Wednesday, 22nd July

9:45	welcome + coffee
10:00 - 11:00	Cees Snoek	What objects tell about actions Abstract [slides]
		This talk is about automatic classification and localization of human actions in video. Whereas motion is the key ingredient in modern approaches, we assess the benefits of having objects in the video representation. Rather than considering a handful of carefully selected and localized objects, we conduct an empirical study on the benefit of encoding 15,000 object categories for action using 6 datasets totaling more than 200 hours of video and covering 180 action classes. Our key contributions are i) the first in-depth study of encoding objects for actions, ii) we show that objects matter for actions, and are often semantically relevant as well. iii) We establish that actions have object preferences. Rather than using all objects, selection is advantageous for action recognition. iv) We reveal that object-action relations are generic, which allows to transferring these relationships from the one domain to the other. And, v) objects, when combined with motion, improve the state-of-the-art for both action classification and localization. This is joint work with Mihir Jain and Jan van Gemert.
11:00 - 11:15	coffee
11:15 - 12:15	Patrick Perez	On learned visual embedding Abstract [slides]

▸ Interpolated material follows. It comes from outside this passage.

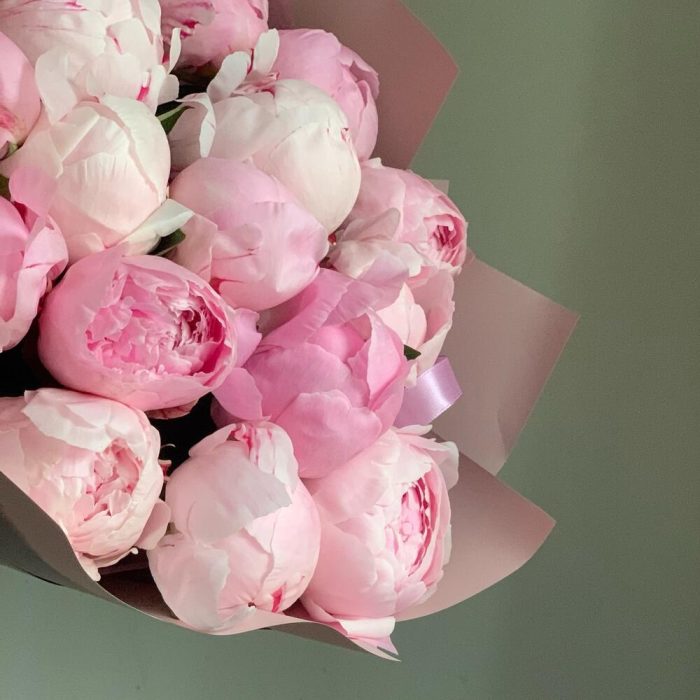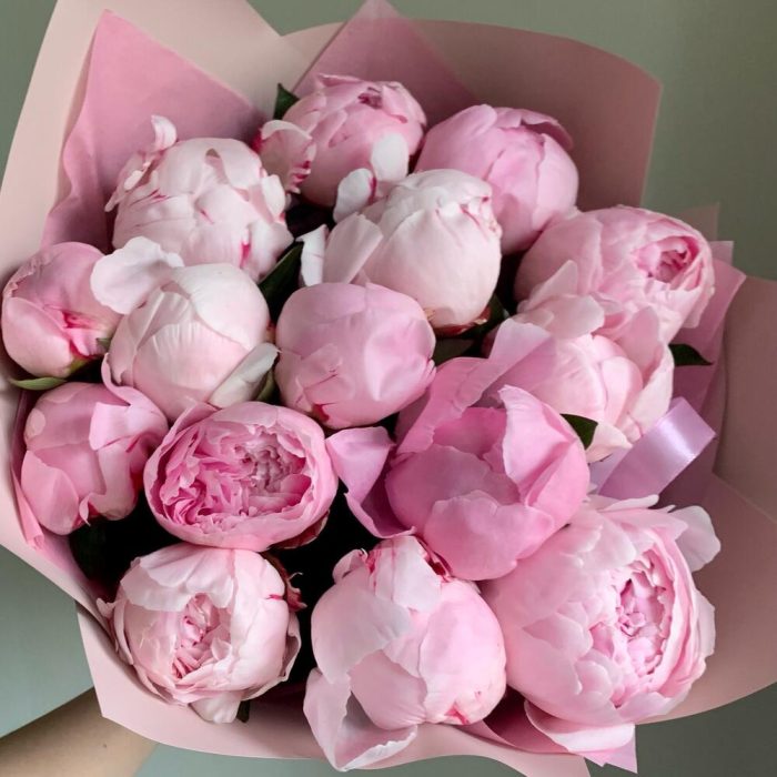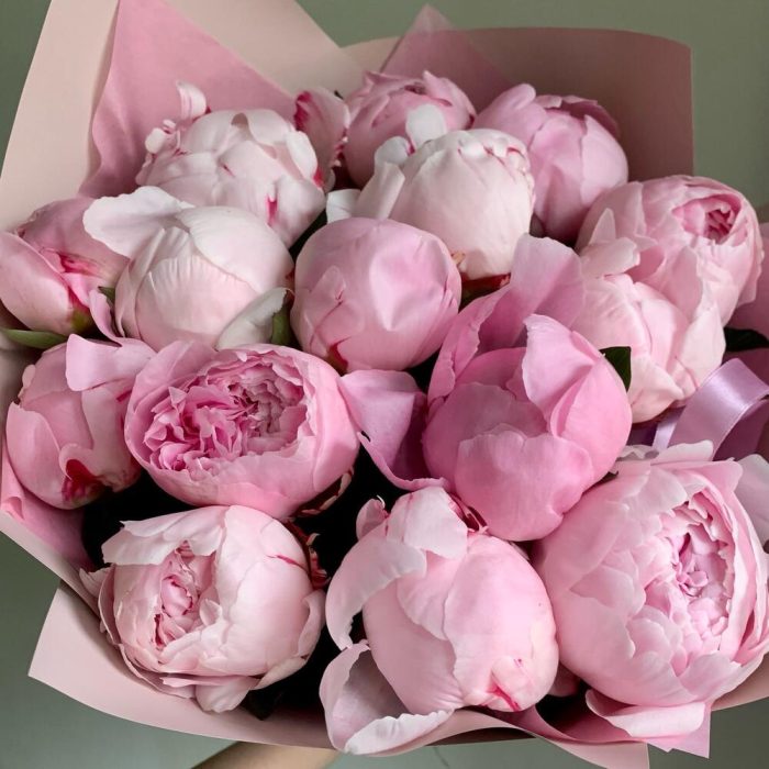 Лента – 3 шт.Тишью – 2 шт.Упаковка дизайнерская – 4 шт.пион розовый сара бернар – 15 шт.

		Once described with state-of-art techniques, images and image fragments are turned into fixed size, high-dimensional real-valued vectors that can be used in a number of ways. In particular, they can be compared or analyzed in a meaningful way. Yet, it is often beneficial to further encode these descriptors: Such a final encoding is learned to get speed and/or performance gains. We shall put such a generic mechanism at work for three distinct problems: image search by non-linear similarity; image search and classification based on Euclidean distance; face track verification. Corresponding encoding are respectively based on kernel PCA, exemplar SVM and latent metric learning.